Each spring you can count on green buds of life bursting forth from barren trees, an influx of tourists choking the National Mall, and the Taliban announcing their seasonal jihad.
“You realize that some areas of our beloved homeland are still under the infidel occupation of American invaders and their allied forces,” begins the Taliban announcement, posted on their English-language website that disseminates Stone Age ideology for the digital age. “…For the sake of well-coordinated and better-organized military activities, the Al Khandaq Jihadi operations will be launched.”
“The planning and strategy of the Al Khandaq Jihadi operations are organized by the expert and proficient skilled cadre of the Military Commission of the Islamic Emirate which is based on guerilla, offensive, infiltrated and various other new and intricate tactics against the new war strategy of the enemy, mainly focusing on crushing, killing and capturing American invaders and their supporters,” the statement continued.
Second verse, same as the first. These, of course, are rote threats rekindled for a new spring.
It’s not even like they took the winter off. Dozens of people, including four Americans, were murdered in January’s attack on the Inter-Continental Hotel in Kabul; a week later, more than 100 people were slain when the terror group detonated an ambulance packed with explosives in central Kabul.
But summertime is terror time, the Taliban have long reasoned, and this time they vow that the “primary target will be the American invaders and their intelligence agents”—the latter allowing a wide interpretive berth for choosing victims.
“Their internal supporters will be dealt with as a secondary target while the present and future mischievous plots of the mischief-mongers will be nipped in the bud,” the Taliban added.
Along with mischievous bud-nipping, the Taliban aren’t shy about using the April 2 attack by the Afghan Air Force on a madrassa in Kunduz province for not only their recruiting aims but in trying to coax the populace over to their side. Afghan officials said there were 59 victims in the airstrike, the majority of them children; Afghan defense officials said the school was a Taliban training center. The Taliban decided they had a linchpin for their summer PR campaign.

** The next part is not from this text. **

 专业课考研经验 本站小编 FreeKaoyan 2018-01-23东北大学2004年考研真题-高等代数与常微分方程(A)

The Taliban were also faithfully crafting and spreading fake news long before it was a hashtag. The group’s press releases have frequently claimed exorbitant casualty counts as well as obliterated tanks and aircraft that are very much still intact, and spouted victorious retellings that rival Saddam Hussein’s legendary information minister Baghdad Bob. Their latest yarn is meant to scare civilians into leaning on their Taliban “protectors,” as they claimed earlier this month that President Donald Trump has directed troops “to indiscriminately kill the kith and kin of those Afghans who resist against the American forces.” In reality, U.S. forces in Afghanistan have been advising, augmenting behind-the-scenes support with strikes on the opium processing facilities that line terrorists’ pockets on the backs of addicts.
The Department for the Prevention of Civilian Losses and Casualties is actually a thing in Talibanland, and this very ironic creation demanded “a clarification on a high level” from the U.S. “about their forces who are directed to indiscriminately kill the families of those people who resist against them, including women and children who are definitely civilian people.”

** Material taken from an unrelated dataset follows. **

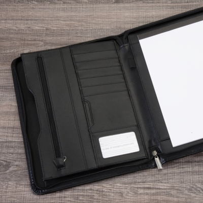 Pasta convenção de couro sintético com zíper, possui 2 compartimentos grandes para arquivar documentos, compartimento interno com zíper, 7 divisórias pequenas para documentos, suporte com visor para cartão de identificação, suporte para caneta(não acompanha caneta) e bloco com 20 folhas pautadas.

Despite their continuing massacres of civilians and active nefarious alliances, the Taliban have been left off America’s list of foreign terrorist organizations for political reasons instead of national security considerations: Successive administrations have urged Afghan reconciliation, yet don’t want to be on the record encouraging negotiations with a terror group no matter how the shoe fits.
This spring, perhaps we’ll have a fresh realization that a group still bombing passers-by with an innocuous ambulance or mowing down hotel guests is not a negotiation partner and has no desire for peace unless they can reclaim their barbaric sharia state.
The name of the Taliban operation, Al Khandaq, refers to the 627 A.D. Battle of the Trench, where the Prophet Muhammad and his army defeated overwhelmingly larger Arab and Jewish tribes after a weeks-long siege at Medina. As the Taliban have been waiting on their victory over the coalition for more than 16 years, it may not be the best frame of reference.
Perhaps there’s a lesson in Al Khandaq to be learned on the side of the coalition, too. After this many years of the Taliban popping out of their trench to commit attacks and getting cozy with longtime allies al-Qaeda and the Haqqani network, is there really a reason to believe that this year their fruits will be any different? And how long can the world keep waiting for a Taliban metamorphosis?
Bridget Johnson is a Senior Fellow at the Haym Salomon Center, managing editor at Homeland Security Today, and Washington bureau chief for PJ Media.